→ Provided records:
--------------------------------------------------

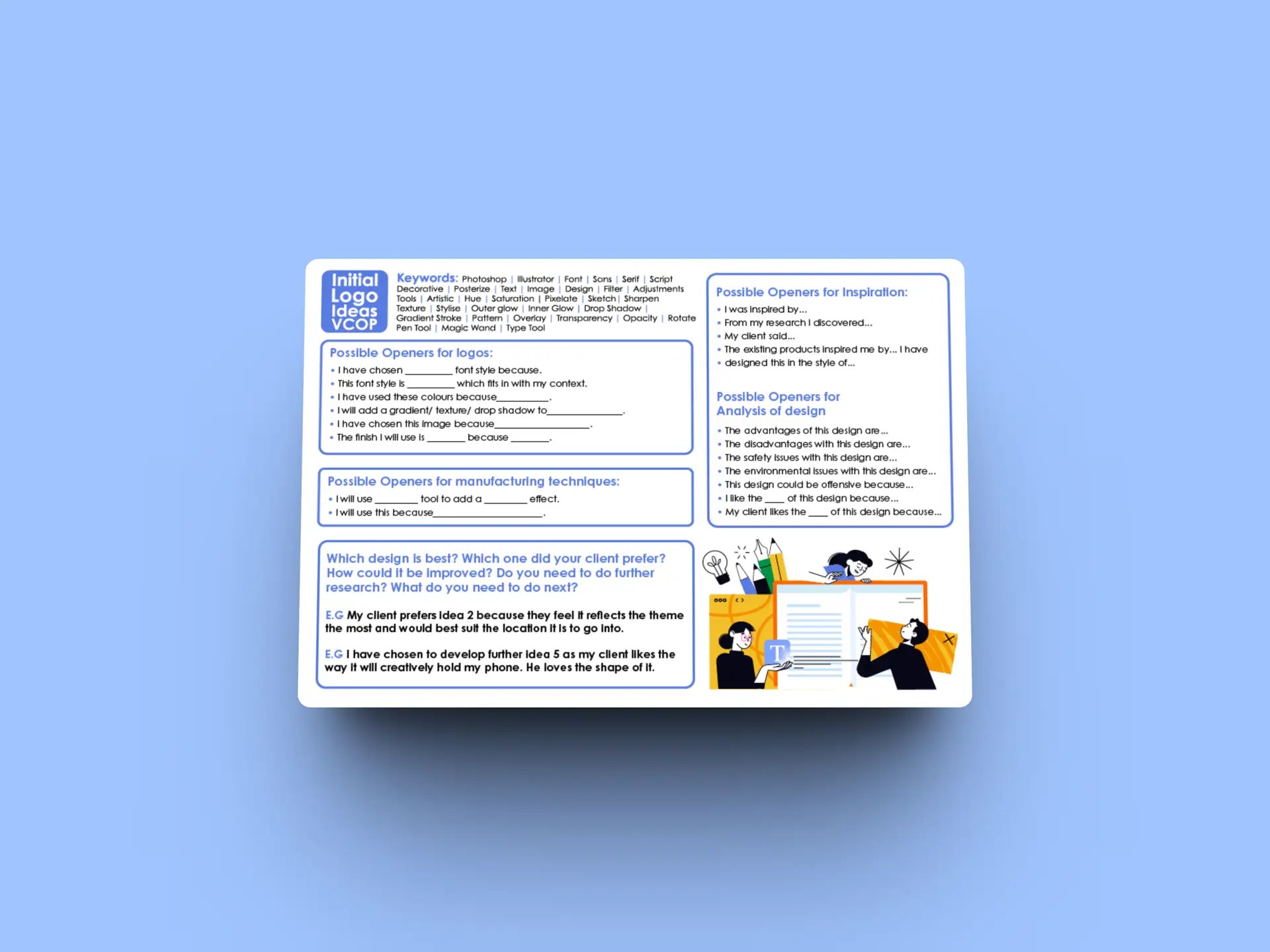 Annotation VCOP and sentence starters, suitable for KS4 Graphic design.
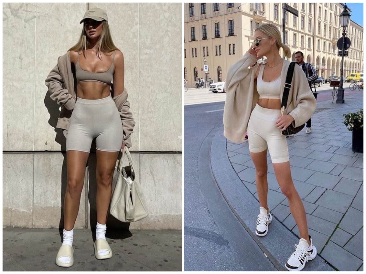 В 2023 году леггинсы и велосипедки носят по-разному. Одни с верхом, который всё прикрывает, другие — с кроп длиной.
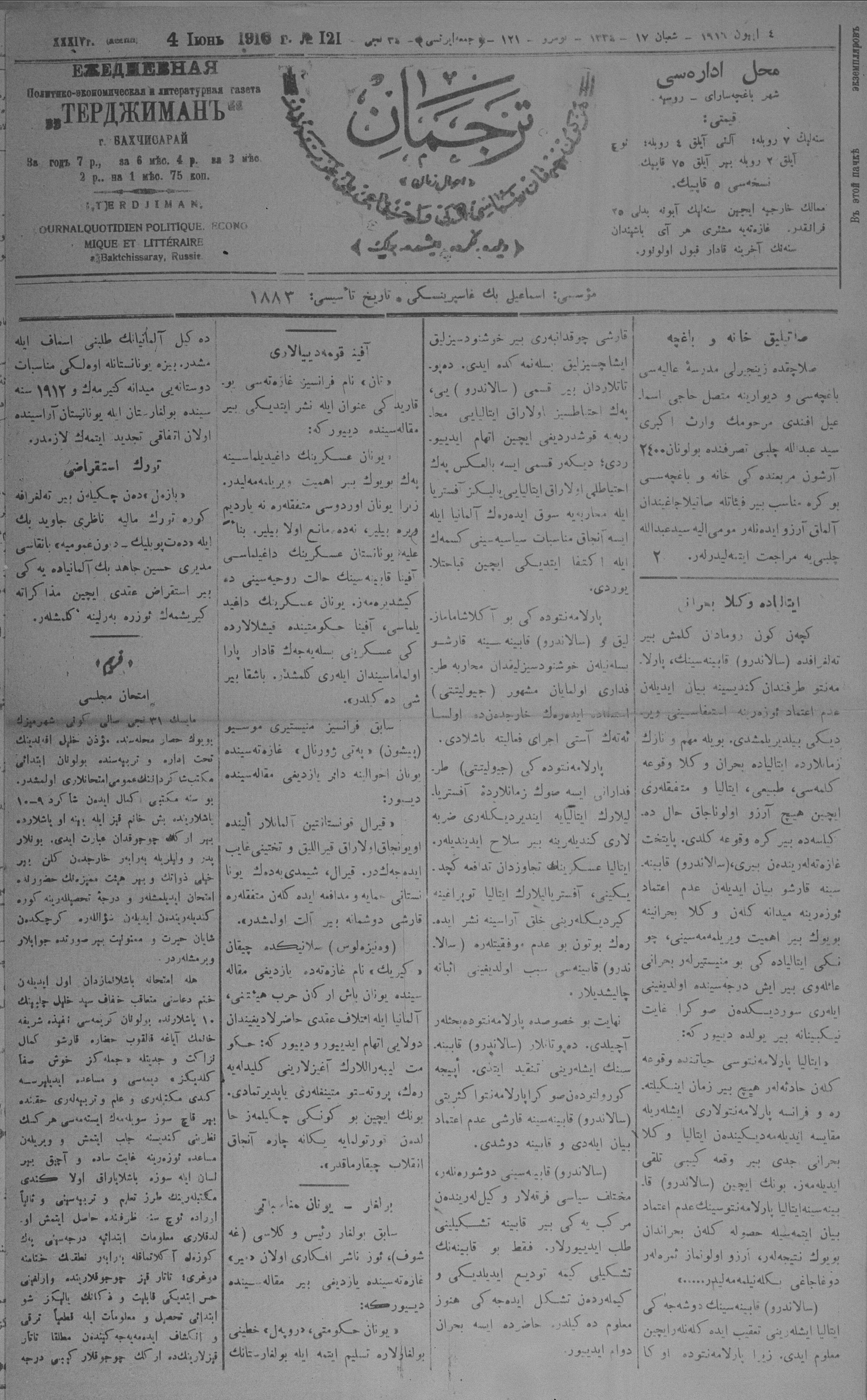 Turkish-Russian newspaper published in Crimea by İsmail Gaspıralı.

--------------------------------------------------

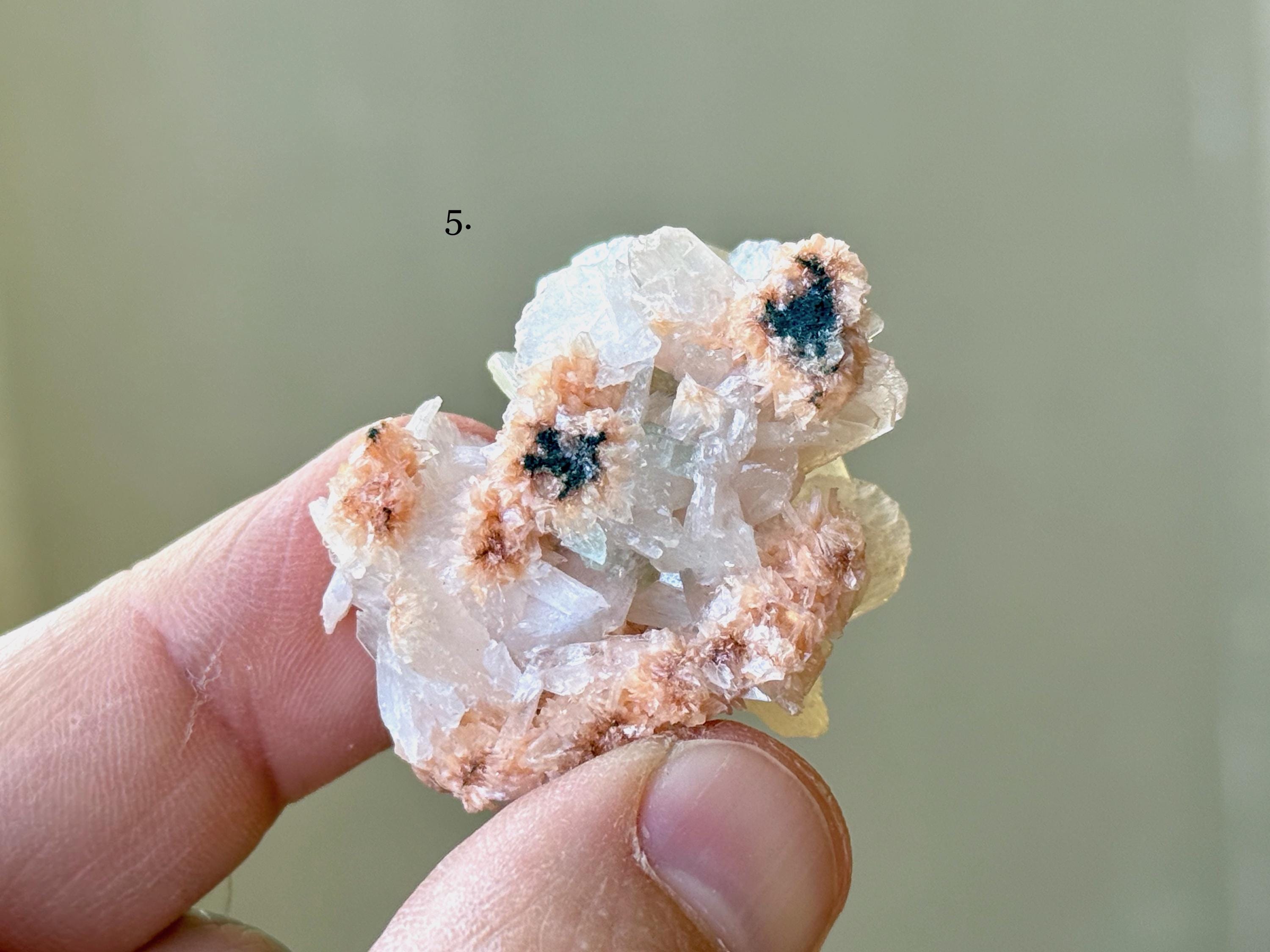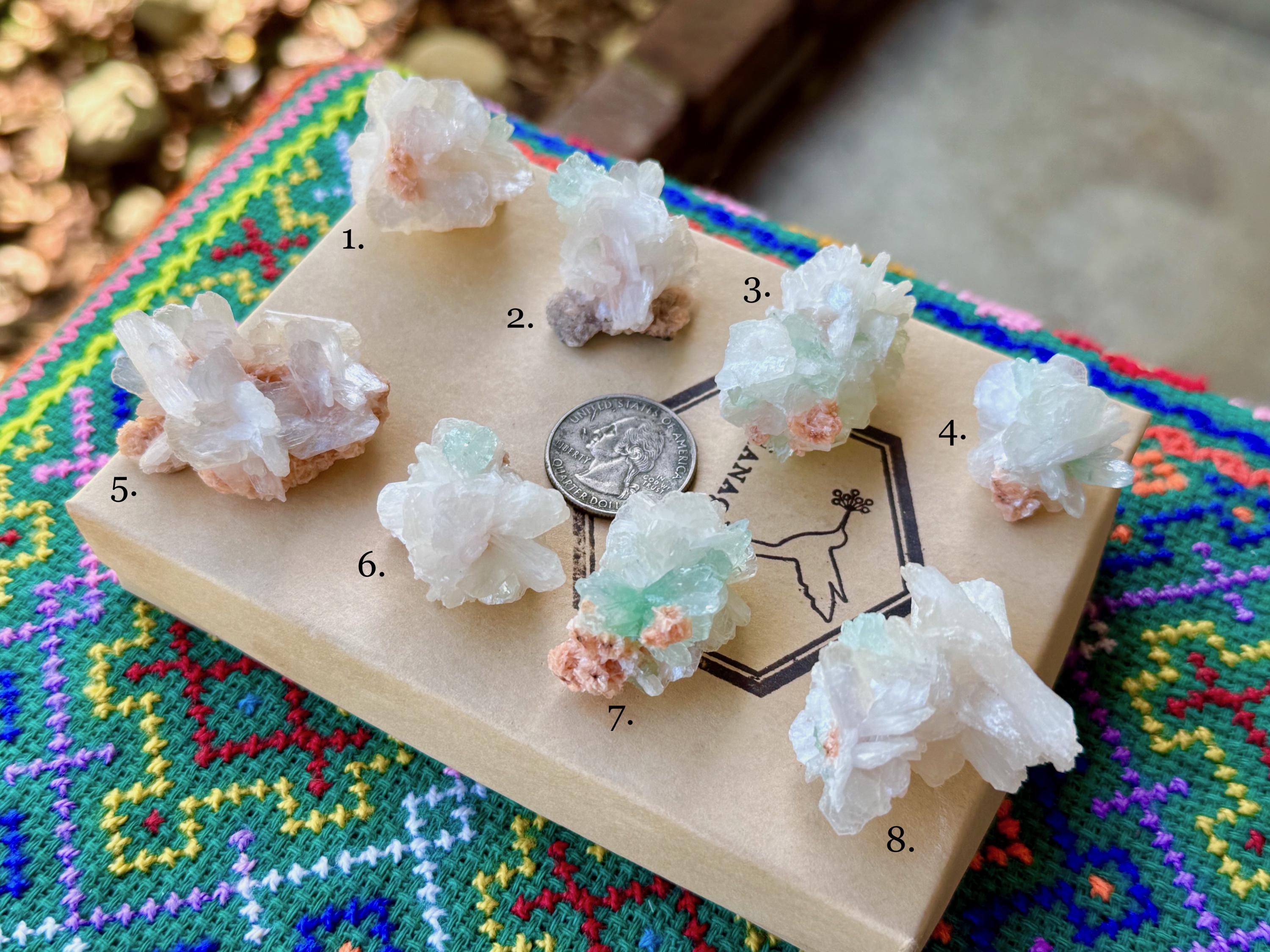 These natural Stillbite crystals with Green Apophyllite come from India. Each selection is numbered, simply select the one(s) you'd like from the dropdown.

--------------------------------------------------

→ Task directions: Both boundary lines included, write out word for word only the lines above from the one containing "Annotation VCOP and" to the one containing "Turkish-Russian newspaper published", leaving out any pictures.

→ Result for this task:
 Annotation VCOP and sentence starters, suitable for KS4 Graphic design.
 В 2023 году леггинсы и велосипедки носят по-разному. Одни с верхом, который всё прикрывает, другие — с кроп длиной.
 Turkish-Russian newspaper published in Crimea by İsmail Gaspıralı.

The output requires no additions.